数据集制作完成,下一步就可以搭建神经网络进行训练了。
在“神经网络自动驾驶小车”的初级阶段实现里,我使用了PYNQ-Z2开发板镜像中预装的OpenCV框架中的ml机器学习模块搭建并训练神经网络。
在本作品的应用场景中,神经网络被用于分类。它的输入是数据集中的原始图像数据,输出层的类别就对应着底盘的四种运动。
由于识别目标相对简单,我们使用38400 -> 32 -> 4的单隐层神经网络,在OpenCV中,使用ml模块的ANN_MLP相关函数实现。
搭建BP神经网络,相关参数如程序所示:
- import cv2
- import numpy as np
- import glob
- print ('Loading training data...')
- e0 = cv2.getTickCount()
- # load training data
- image_array = np.zeros((1, 38400))
- label_array = np.zeros((1, 4), 'float')
- training_data = glob.glob('Training_Data/*.npz')
- for single_npz in training_data:
- with np.load(single_npz) as data:
- print (data.files)
- train_temp = data['train']
- train_labels_temp = data['train_labels']
- print (train_temp.shape)
- print (train_labels_temp.shape)
- image_array = np.vstack((image_array, train_temp))

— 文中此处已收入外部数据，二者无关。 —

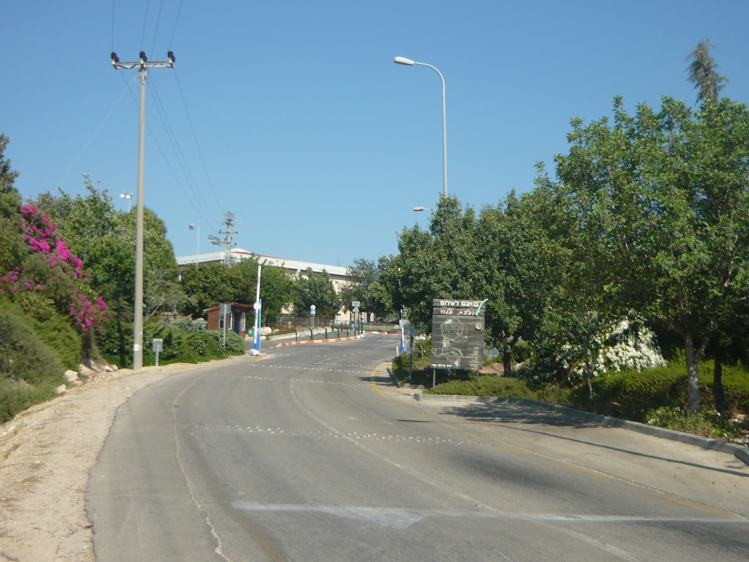 givat ela הכניסה לגבעת אלה

- label_array = np.vstack((label_array, train_labels_temp))
- train = image_array[1:, :]
- train_labels = label_array[1:, :]
- print (train.shape)
- print (train_labels.shape)
- e00 = cv2.getTickCount()
- time0 = (e00 - e0)/ cv2.getTickFrequency()
- print ('Loading image duration:', time0)
- # set start time
- e1 = cv2.getTickCount()
- # create MLP
- layer_sizes = np.int32([38400, 32, 4])
- model = cv2.ml.ANN_MLP_create()
- model.setLayerSizes(layer_sizes)
- model.setTrainMethod(cv2.ml.ANN_MLP_BACKPROP)

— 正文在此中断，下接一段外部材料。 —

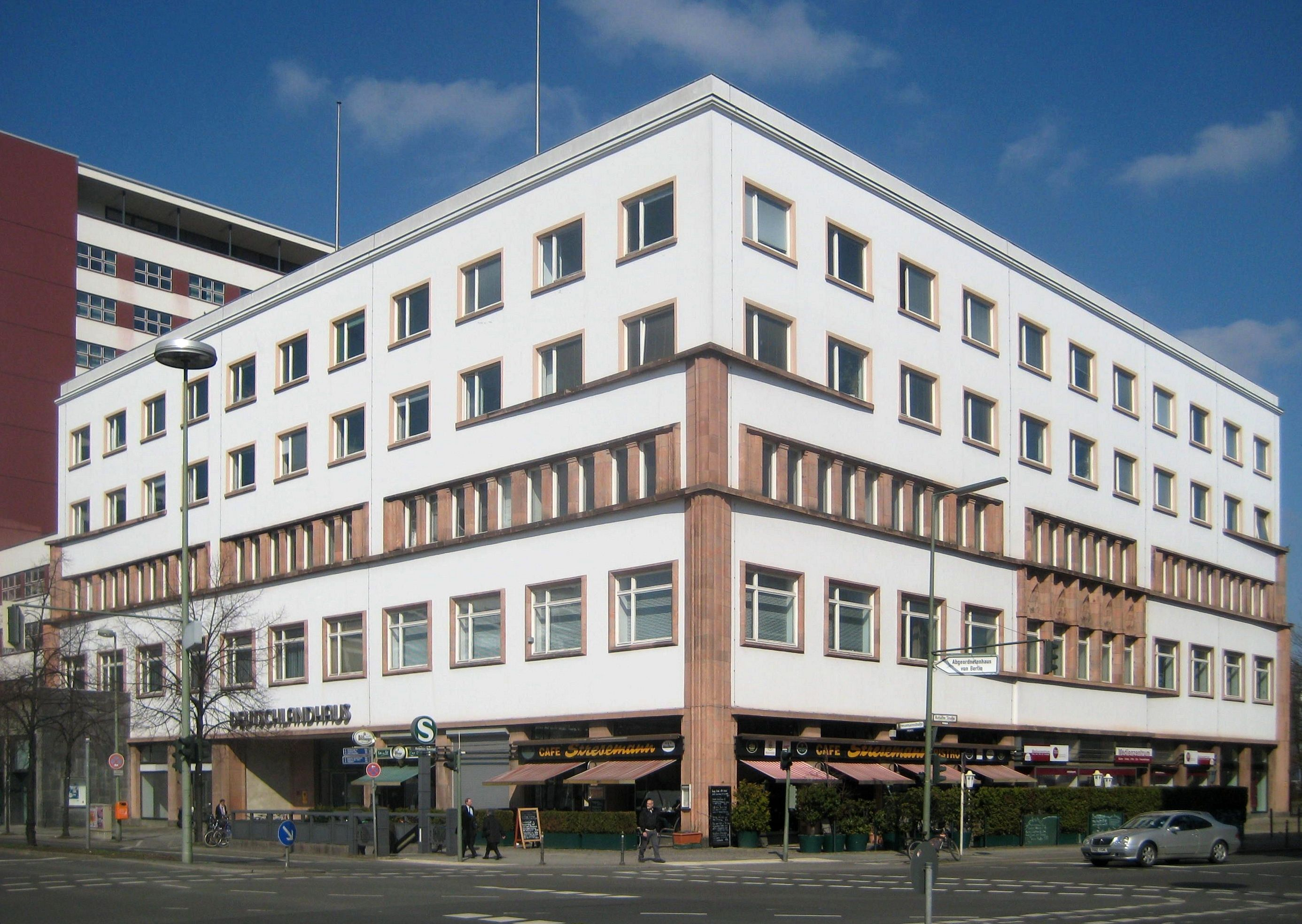 The Deutschlandhaus (House of Germany) at Stresemannstraße No. 90, corner of Anhalter Straße (right), in Berlin-Kreuzberg. It was built from 1926 to 1931 to a design by the architects Richard Bielenberg & Rudolf Moser in the Expressionist style.

- model.setBackpropMomentumScale(0.0)
- model.setBackpropWeightScale(0.001)
- model.setTermCriteria((cv2.TERM_CRITERIA_COUNT, 20, 0.01))
- model.setActivationFunction(cv2.ml.ANN_MLP_SIGMOID_SYM, 2, 1)
- print ('Training MLP ...')
- num_iter = model.train(np.float32(train), cv2.ml.ROW_SAMPLE, np.float32(train_labels))
- # set end time
- e2 = cv2.getTickCount()
- time = (e2 - e1)/cv2.getTickFrequency()
- print ('Training duration:', time)
- # save param
- model.save('mlp_xml/mlp.xml')
- print ('Ran for %d iterations' % num_iter)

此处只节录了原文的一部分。